* [Try it]: For each line in the data below that holds "United", return a copy.

* [Data records]:
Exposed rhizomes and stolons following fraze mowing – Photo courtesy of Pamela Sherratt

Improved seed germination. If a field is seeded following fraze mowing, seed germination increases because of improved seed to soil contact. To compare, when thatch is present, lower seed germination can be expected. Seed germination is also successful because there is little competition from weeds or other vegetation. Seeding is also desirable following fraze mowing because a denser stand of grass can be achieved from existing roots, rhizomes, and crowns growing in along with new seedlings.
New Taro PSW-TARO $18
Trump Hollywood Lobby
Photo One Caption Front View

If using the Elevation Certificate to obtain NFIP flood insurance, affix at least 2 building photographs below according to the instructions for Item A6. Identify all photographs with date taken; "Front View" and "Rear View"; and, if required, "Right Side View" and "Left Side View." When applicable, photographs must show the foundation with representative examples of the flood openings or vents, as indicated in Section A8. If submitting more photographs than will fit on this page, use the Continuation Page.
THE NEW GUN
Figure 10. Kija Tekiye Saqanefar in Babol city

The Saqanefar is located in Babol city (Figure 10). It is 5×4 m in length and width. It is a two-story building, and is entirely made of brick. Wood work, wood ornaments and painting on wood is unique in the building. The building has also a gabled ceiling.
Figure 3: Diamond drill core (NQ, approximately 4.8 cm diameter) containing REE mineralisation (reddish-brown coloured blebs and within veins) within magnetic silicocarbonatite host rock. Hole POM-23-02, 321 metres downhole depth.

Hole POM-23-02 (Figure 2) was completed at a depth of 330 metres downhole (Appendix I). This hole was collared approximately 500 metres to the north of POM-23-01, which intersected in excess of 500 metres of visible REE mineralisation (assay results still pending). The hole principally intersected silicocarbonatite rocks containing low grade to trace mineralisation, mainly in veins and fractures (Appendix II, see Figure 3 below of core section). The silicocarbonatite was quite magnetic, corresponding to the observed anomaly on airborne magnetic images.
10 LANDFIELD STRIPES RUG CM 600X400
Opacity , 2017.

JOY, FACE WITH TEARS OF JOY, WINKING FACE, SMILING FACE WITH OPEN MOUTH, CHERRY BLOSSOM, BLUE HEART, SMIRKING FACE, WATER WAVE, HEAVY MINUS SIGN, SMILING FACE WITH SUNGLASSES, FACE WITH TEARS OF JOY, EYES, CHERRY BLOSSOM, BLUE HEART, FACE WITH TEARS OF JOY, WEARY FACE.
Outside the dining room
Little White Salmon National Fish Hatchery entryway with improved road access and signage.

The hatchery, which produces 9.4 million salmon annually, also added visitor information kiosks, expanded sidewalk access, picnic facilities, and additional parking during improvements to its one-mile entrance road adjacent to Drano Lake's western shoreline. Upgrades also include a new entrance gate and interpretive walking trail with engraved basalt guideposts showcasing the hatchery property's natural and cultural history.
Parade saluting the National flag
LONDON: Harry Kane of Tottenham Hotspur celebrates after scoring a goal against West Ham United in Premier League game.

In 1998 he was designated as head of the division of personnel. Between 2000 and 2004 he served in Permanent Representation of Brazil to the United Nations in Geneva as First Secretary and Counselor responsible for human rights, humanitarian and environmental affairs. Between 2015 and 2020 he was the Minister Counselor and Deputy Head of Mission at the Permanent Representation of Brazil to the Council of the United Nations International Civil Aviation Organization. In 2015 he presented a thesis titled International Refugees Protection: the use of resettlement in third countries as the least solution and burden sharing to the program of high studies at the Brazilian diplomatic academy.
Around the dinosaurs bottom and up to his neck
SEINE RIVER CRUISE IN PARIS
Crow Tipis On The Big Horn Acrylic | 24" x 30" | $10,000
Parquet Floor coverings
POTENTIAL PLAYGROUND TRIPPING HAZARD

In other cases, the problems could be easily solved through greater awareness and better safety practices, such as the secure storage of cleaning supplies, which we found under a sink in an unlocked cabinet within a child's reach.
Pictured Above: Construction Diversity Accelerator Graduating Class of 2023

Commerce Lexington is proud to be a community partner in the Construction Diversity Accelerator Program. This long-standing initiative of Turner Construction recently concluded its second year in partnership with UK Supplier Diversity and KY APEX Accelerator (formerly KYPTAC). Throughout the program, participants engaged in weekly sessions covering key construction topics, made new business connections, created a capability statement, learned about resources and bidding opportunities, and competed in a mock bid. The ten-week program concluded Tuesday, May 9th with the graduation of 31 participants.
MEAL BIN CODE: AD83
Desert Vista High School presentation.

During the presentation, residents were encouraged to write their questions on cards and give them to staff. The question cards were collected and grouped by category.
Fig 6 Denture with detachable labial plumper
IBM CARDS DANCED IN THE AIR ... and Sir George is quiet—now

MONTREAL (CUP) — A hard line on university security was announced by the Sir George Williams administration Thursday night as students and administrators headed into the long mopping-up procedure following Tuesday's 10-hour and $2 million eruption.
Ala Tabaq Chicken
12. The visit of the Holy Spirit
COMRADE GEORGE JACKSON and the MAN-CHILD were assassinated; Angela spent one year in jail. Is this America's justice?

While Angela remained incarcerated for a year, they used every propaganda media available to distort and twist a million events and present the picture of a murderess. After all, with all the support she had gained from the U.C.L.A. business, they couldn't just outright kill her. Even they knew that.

* [Finished task]:
LONDON: Harry Kane of Tottenham Hotspur celebrates after scoring a goal against West Ham United in Premier League game.
In 1998 he was designated as head of the division of personnel. Between 2000 and 2004 he served in Permanent Representation of Brazil to the United Nations in Geneva as First Secretary and Counselor responsible for human rights, humanitarian and environmental affairs. Between 2015 and 2020 he was the Minister Counselor and Deputy Head of Mission at the Permanent Representation of Brazil to the Council of the United Nations International Civil Aviation Organization. In 2015 he presented a thesis titled International Refugees Protection: the use of resettlement in third countries as the least solution and burden sharing to the program of high studies at the Brazilian diplomatic academy.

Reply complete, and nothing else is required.